Work to complete: From the data below, retype exactly the lines starting with the one that contains "10KT. YELLOW GOLD" and ending with the one that contains "Die Wohnung ist", both included.
Stored data: Begin
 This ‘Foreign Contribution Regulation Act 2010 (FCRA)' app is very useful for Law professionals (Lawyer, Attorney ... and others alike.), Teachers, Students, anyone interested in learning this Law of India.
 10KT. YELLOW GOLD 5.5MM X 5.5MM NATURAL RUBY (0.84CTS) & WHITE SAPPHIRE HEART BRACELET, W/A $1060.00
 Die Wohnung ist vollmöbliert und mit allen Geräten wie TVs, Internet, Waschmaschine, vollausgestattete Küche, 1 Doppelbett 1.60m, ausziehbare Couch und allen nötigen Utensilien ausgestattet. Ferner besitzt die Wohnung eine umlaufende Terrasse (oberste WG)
Stored data: End
Stored data: Begin
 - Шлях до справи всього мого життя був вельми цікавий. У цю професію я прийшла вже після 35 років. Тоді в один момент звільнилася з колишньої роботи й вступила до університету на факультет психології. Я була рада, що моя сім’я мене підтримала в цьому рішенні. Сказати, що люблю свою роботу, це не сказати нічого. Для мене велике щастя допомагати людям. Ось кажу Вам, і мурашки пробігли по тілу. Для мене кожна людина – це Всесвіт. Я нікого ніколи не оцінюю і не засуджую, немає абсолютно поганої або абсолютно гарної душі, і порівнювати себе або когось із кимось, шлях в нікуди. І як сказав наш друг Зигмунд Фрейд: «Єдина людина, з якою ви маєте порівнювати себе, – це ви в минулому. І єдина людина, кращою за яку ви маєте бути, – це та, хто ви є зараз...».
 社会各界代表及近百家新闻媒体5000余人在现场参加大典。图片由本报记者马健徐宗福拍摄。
Stored data: End
Result:
 10KT. YELLOW GOLD 5.5MM X 5.5MM NATURAL RUBY (0.84CTS) & WHITE SAPPHIRE HEART BRACELET, W/A $1060.00
 Die Wohnung ist vollmöbliert und mit allen Geräten wie TVs, Internet, Waschmaschine, vollausgestattete Küche, 1 Doppelbett 1.60m, ausziehbare Couch und allen nötigen Utensilien ausgestattet. Ferner besitzt die Wohnung eine umlaufende Terrasse (oberste WG)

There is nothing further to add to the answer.